Когда Богдан Богданов, гений кибернетики, создает компьютерного робота по имени Семмант, ему кажется, что он покорил мир. Семмант атакует финансовые рынки и делает деньги с безжалостностью автомата. Богдан богатеет с каждым днем, но когда он влюбляется в неотразимую Лидию, искусственный мозг Семманта проявляет себя по-новому. Робот оказывается в эпицентре драмы и познает в полной мере превратности реальной жизни. Его судьба меняется - самым непредсказуемым образом.
Это история влечения и страсти, безумия, с которым нельзя бороться. Весь спектр человеческих чувств и эмоций показан с совершенно нового ракурса. Хаос вселенной и стереотипы общества, строгая математика и любовные терзания - все переплетено, связано одно с другим. И даже в трагичном всегда есть надежда - которую не оспорить.
Содержание:
Глава 1 1
Глава 2 2
Глава 3 3
Глава 4 5
Глава 5 7
Глава 6 9
Глава 7 11
Глава 8 13
Глава 9 15
Глава 10 17
Глава 11 19
Глава 12 20
Глава 13 21
Глава 14 23
Глава 15 25
Глава 16 26
Глава 17 27
Глава 18 29
Глава 19 31
Глава 20 33
Глава 21 35
Глава 22 37
Глава 23 40
Глава 24 41
Глава 25 43
Глава 26 44
Глава 27 46
Глава 28 47
Глава 29 49
Глава 30 50
Глава 31 51
Другие книги Вадима Бабенко: 53
ПРОСТАЯ ДУША 53
ЧЕРНЫЙ ПЕЛИКАН 53
Об авторе: 53
СЕММАНТ
Вадим Бабенко
Ergo Sum Publishing
Литературно-художественное издание
Издательство Ergo Sum Publishing, 2014
© Вадим Бабенко, 2014
Все права защищены. Любое копирование, воспроизведение, хранение в информационных системах или передача в любой форме и любыми средствами - электронным, механическим, посредством фотокопирования, записи или иными - любой части книги, кроме цитат и коротких фрагментов, используемых для рецензий, запрещено без письменного разрешения владельцев авторских прав.
ISBN 978-99957-42-04-1 (Электронная книга)
ISBN 978-99957-42-16-4 (Мягкий переплет)
ISBN 978-99957-42-15-7 (Твердый переплет)
Все персонажи являются вымышленными. Любое совпадение с реально живущими или жившими людьми случайно.
Посвящается Асе
Глава 1
Я пишу это за неудобным столом, у белой стены, по которой движется моя тень. Она ползет, как в солнечном хронометре без цифр, отсчитывая время, понятное только мне.
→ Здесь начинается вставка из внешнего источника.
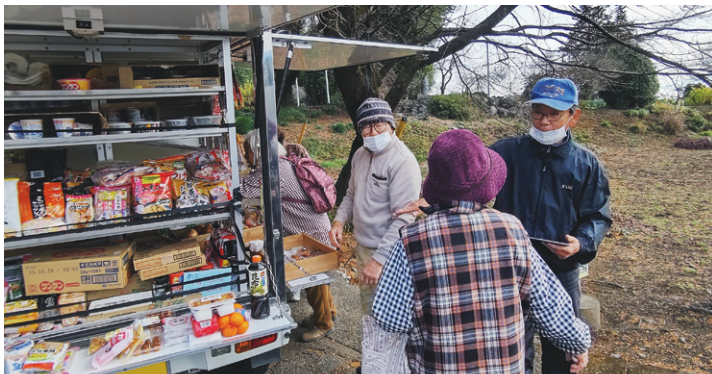
特定非営利活動法人 つなぎ手 買い物弱者支援事業
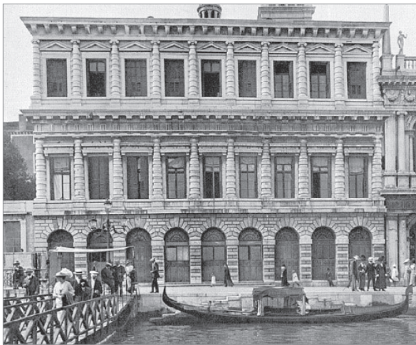
Рис. 6. Сансовино. Цекка

Наконец, в творчестве Бернардо Буонталенти, самого молодого из триады (1536–1608), до своего наивысшего расцвета доходят несколько чисто маньеристических архитектурных идей.
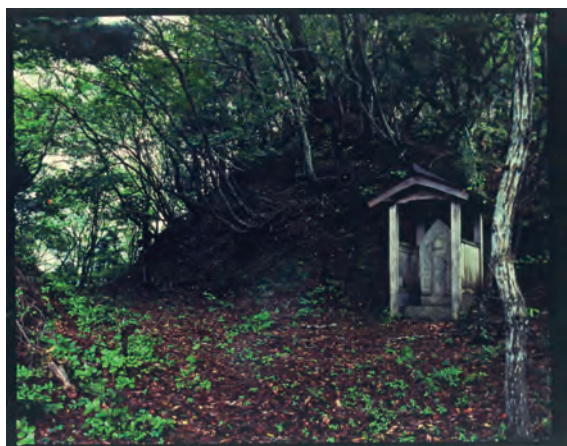
入部谷峠の馬頭観音

そして明治15(1882)年に琵琶湖に太湖汽船が就航し、大溝港からの湖上交通(蒸気船)が利用できるようになります。朽木から入部谷を越えて、大溝港から大津・京都への行楽や修学旅行、伊勢神宮の参拝などに行く人が多くなりました。
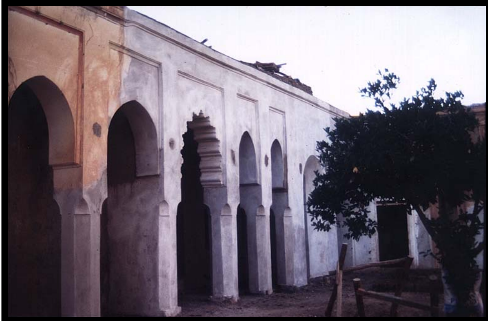
Die im Jahr 2001 fertiggestellten Säulen mit den verzierten Bögen. Es wurde ein kalkvergüteter Lehmputz verwendet, der mit einer Kalkmilch wetterfest gestrichen wurde. Bei diesen Verputzen arbeiteten ausschließlich Lehm- und Stuck-Fachkräfte mit.
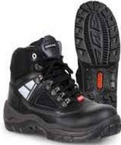
Slika 18. Zaštitne cipele [26]

Zaštitne cipele za rad, (slika 18) na kojem postoji mogućnost padanja predmeta moraju sadržavati zaštitnu kapicu koja mora biti otporna na silu od 200J. Zaštitne cipele za zaštitu od štetnog toplinskog djelovanja najčešće su napravljene od izolacijskog materijala kao što je drvo [20].
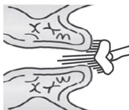
Рисунок 2 — Комбинированная щеточка, cervex-brush

Комбинированная щеточка используется для одновременного получения материала из цервикального канала и влагалищной части ШМ. При заборе материала следует сделать пять оборотов по часовой стрелке.
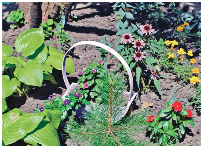
Рукотворные корзинки для цветов.
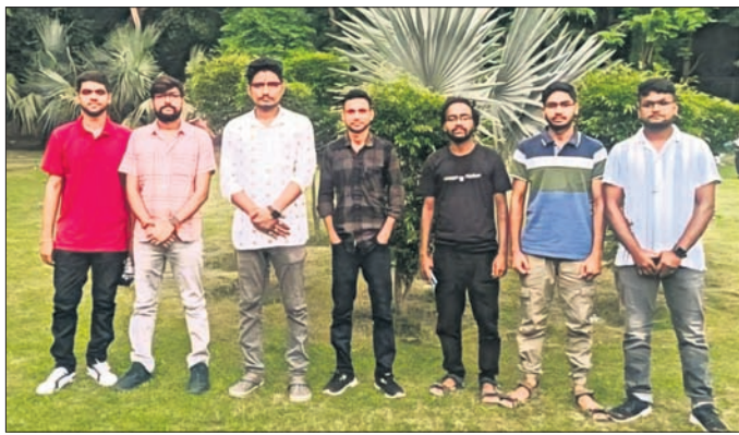
ନୂଆଦିଲ୍ଲୀରେ ମଙ୍ଗଳବାର ନବନିର୍ମୂଳ ଛାତ୍ର ସଙ୍ଗଠନ କର୍ମକର୍ମାମାନେ ।
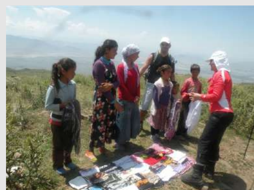
Trgovina pod vedrim nebom

Teške rančeve prenose mule, a mi lagano sa malim rančevima krećemo u koloni. Pogled nam je stalno uperen ka planinskom gorostasu. Za koji dan bićemo na vrhu samo da nas vreme posluži. Usput se odmaramo kraj nomadskih šatora. Za nepuna četiri sata stigli smo u bazni kamp, podižemo šatore i pripremamo se za počinak. Za razliku od ranijih godina kamp ima domaćina koji održava montažne VC-e i higijenu.

Мои дни расписаны строго, по часам и даже минутам, но спешки нет ни в чем, и тень движется едва-едва - постепенно теряя четкость и расплываясь к краю.
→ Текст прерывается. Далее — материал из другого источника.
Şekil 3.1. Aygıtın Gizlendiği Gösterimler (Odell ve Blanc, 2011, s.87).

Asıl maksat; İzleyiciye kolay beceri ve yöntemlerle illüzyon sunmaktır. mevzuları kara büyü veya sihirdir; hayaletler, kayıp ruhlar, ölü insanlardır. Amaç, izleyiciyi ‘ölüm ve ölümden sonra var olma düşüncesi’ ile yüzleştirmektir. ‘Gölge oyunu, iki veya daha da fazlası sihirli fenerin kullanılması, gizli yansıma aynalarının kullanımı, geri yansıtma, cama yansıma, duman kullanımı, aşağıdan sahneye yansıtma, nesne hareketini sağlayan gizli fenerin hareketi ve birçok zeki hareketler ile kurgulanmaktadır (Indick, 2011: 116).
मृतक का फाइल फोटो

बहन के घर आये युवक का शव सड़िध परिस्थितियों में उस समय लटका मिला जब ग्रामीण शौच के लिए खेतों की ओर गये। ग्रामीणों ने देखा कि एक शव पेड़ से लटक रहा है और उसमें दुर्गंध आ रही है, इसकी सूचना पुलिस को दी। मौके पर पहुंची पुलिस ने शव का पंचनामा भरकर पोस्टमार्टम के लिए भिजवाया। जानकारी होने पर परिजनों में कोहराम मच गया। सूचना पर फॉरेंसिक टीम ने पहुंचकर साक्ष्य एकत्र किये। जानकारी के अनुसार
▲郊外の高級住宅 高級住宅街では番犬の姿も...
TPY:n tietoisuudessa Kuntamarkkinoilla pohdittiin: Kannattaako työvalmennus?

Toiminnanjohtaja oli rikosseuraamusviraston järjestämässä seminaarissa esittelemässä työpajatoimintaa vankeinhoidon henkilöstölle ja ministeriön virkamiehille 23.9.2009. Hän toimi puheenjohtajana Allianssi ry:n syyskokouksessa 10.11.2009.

Только что закончились процедуры, и от меня ушла Сара. Это не настоящее имя, она взяла его у какой-то из порнозвезд. Все наши медсестры носят такие имена - из коллекции забытых DVD, которую они набрали по палатам. Это их любимая игра, у нас есть еще Эстер, Лаура, Вероника. Ни с одной из них у меня пока не было секса.
Сара, как правило, весела и смешлива. Вот и сегодня: я рассказал ей шутку про попугая - она хохотала до слез. У нее оливковая кожа, полные губы и розовый язычок. Еще у нее - искусственная грудь, которой она гордится. Грудь большая и слишком твердая - по крайней мере, на вид. Вообще, наверное, ее тело обещает больше, чем может дать.
Несмотря на это, меня влечет к Саре, но все же не так, как к Веронике. Вероника родилась в Рио, у нее самба в узких бедрах и взгляд, проникающий глубоко внутрь. И колени, эманирующие бесстыдство. И длинные, тонкие, сильные пальцы. Умелые пальцы, предполагаю я и гляжу на нее с прищуром, но глаза ее полны всезнания, смутить Веронику невозможно. Мне кажется, она ко мне чересчур холодна.
Она не пользуется парфюмом, и я порой чувствую ее собственный запах. Он очень слаб, почти неуловим, но проникает так же глубоко, как и взгляд. Потом кажется даже, что и предметы в комнате пахнут ею, и простыни, и даже моя одежда. Тогда я думаю: как жаль, что я не юн - я бы, ловя его ноздрями, проводил часы в мечтательном рукоблудии. Теперь же делать это мне как-то неловко.
Еще сильней Вероники меня возбуждает Эстер - быть может потому, что она "би", о чем Сара шепнула мне однажды. Эстэр двигается, как пантера, и смотрит, как дорогая шлюха. Ее соски, словно угли, жгутся будто даже через накрахмаленный халат. Волосы ее отливают матово-черным, а кожа нежна как шелк - хоть внешне и похожа на бархат. Я сгораю от желания ее потрогать, как только она оказывается вблизи. Несколько раз я делал это и даже кое-чего добился - однажды она шлепнула меня в ответ. Я уверен, это была игра, но едва ли мы продвинемся дальше. Игра с Эстер, едва начавшись, тут же отошла на второй план. Ибо: Лаура из Доминиканы нравится мне теперь больше всех.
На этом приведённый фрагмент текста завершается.